Report how many lines of the entries below contain the word "which", and nothing more.

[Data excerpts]
Content starts

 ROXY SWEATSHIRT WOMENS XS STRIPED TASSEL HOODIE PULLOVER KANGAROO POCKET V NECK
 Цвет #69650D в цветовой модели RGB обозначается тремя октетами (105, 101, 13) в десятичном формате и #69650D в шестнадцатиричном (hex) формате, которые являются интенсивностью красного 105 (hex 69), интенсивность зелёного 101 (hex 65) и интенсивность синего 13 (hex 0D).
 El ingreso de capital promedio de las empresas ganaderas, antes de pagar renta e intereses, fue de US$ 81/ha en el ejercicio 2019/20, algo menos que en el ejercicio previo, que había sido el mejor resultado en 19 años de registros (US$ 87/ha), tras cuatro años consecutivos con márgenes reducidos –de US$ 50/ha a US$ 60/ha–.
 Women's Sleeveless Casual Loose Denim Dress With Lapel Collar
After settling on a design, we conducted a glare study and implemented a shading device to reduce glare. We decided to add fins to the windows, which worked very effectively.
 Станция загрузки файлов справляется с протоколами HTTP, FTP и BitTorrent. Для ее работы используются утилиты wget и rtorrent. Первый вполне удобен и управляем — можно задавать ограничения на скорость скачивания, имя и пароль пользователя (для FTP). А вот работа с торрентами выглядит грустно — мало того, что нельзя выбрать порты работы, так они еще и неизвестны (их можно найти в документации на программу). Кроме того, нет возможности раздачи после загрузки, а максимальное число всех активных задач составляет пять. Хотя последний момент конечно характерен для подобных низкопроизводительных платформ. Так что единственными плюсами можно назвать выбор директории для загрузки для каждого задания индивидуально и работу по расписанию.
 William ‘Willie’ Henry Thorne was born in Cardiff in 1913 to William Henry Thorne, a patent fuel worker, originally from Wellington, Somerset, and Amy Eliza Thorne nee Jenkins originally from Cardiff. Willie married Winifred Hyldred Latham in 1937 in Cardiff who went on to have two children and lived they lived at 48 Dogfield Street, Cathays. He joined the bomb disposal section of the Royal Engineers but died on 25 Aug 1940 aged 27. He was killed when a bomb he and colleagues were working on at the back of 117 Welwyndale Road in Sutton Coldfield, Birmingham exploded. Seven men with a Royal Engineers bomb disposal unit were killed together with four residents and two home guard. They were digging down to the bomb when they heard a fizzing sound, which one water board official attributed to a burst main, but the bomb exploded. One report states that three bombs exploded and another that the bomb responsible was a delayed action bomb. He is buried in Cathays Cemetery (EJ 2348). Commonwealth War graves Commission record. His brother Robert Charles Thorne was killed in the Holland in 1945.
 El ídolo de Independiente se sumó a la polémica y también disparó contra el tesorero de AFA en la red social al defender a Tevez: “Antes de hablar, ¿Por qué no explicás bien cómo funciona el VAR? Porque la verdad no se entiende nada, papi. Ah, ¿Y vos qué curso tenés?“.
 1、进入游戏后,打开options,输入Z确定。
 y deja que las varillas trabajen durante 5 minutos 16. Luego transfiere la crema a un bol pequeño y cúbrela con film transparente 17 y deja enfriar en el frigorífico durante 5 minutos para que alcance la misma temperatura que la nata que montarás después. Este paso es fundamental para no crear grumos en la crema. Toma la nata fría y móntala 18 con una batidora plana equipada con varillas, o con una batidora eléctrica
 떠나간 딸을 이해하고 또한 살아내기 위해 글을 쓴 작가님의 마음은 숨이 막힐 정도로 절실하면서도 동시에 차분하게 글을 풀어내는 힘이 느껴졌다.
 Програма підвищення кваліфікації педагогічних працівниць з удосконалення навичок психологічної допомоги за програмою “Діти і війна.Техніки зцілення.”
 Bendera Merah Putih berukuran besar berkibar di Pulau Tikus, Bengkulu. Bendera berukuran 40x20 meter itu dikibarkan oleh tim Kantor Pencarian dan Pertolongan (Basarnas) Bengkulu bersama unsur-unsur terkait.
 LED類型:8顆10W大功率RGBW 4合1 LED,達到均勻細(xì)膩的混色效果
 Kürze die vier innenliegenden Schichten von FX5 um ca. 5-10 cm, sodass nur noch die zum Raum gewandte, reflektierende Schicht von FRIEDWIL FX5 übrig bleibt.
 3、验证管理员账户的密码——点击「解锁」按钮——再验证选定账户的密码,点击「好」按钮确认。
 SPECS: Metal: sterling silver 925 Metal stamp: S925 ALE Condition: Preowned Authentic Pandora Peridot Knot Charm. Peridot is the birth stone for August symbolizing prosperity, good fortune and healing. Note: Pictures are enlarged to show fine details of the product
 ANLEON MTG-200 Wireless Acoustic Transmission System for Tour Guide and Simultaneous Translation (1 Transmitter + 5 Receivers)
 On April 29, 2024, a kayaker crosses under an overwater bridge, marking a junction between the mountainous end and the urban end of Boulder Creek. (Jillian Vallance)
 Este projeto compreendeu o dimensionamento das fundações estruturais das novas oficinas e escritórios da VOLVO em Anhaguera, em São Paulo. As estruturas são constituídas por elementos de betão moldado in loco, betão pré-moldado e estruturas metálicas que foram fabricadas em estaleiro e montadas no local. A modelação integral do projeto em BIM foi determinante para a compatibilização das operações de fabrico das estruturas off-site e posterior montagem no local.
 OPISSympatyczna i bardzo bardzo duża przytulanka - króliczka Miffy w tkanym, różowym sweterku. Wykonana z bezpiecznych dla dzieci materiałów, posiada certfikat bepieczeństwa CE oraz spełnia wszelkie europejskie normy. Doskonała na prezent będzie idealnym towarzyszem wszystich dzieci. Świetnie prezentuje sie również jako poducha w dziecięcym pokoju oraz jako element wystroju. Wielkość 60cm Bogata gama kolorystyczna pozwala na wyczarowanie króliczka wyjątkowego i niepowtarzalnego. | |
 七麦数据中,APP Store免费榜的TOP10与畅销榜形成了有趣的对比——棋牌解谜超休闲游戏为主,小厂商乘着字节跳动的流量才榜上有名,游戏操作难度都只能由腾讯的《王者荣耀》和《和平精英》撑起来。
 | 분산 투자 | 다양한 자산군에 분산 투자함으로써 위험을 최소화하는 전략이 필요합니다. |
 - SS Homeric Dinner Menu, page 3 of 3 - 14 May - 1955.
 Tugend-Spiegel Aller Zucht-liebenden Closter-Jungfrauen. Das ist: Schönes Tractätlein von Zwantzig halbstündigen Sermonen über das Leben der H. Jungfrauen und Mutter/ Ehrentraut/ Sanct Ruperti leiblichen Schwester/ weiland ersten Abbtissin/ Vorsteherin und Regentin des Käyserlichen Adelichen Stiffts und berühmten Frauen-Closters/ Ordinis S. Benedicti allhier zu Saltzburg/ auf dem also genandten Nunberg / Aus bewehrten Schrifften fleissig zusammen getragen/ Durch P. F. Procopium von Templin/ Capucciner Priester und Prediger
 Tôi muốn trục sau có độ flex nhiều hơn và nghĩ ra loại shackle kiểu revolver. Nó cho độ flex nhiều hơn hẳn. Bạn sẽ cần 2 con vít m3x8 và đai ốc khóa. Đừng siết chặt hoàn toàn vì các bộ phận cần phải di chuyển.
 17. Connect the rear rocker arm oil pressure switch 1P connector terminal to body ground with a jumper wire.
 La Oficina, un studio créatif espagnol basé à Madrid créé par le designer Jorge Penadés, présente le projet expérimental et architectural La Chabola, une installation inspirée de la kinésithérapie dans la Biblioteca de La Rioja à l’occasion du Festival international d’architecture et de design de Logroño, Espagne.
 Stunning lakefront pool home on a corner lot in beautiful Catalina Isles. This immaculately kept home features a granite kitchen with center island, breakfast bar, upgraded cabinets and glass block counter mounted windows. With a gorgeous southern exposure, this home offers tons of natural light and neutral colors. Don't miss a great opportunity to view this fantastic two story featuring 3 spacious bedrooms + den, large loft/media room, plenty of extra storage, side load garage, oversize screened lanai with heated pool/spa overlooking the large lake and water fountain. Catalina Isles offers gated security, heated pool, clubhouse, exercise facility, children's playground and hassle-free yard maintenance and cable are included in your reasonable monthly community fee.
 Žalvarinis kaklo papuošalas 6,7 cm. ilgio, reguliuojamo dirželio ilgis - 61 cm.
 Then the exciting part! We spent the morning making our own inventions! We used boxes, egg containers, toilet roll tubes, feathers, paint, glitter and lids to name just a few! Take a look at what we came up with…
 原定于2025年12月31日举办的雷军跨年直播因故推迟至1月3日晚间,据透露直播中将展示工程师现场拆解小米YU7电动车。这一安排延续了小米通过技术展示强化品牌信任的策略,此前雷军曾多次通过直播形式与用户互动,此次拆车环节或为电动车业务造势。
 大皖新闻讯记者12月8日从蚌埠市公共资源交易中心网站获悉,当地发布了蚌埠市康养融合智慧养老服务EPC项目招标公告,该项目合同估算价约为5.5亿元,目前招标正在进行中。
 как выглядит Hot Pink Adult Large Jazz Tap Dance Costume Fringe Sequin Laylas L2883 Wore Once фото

Content ends

ANSWER SPACE ▸ 2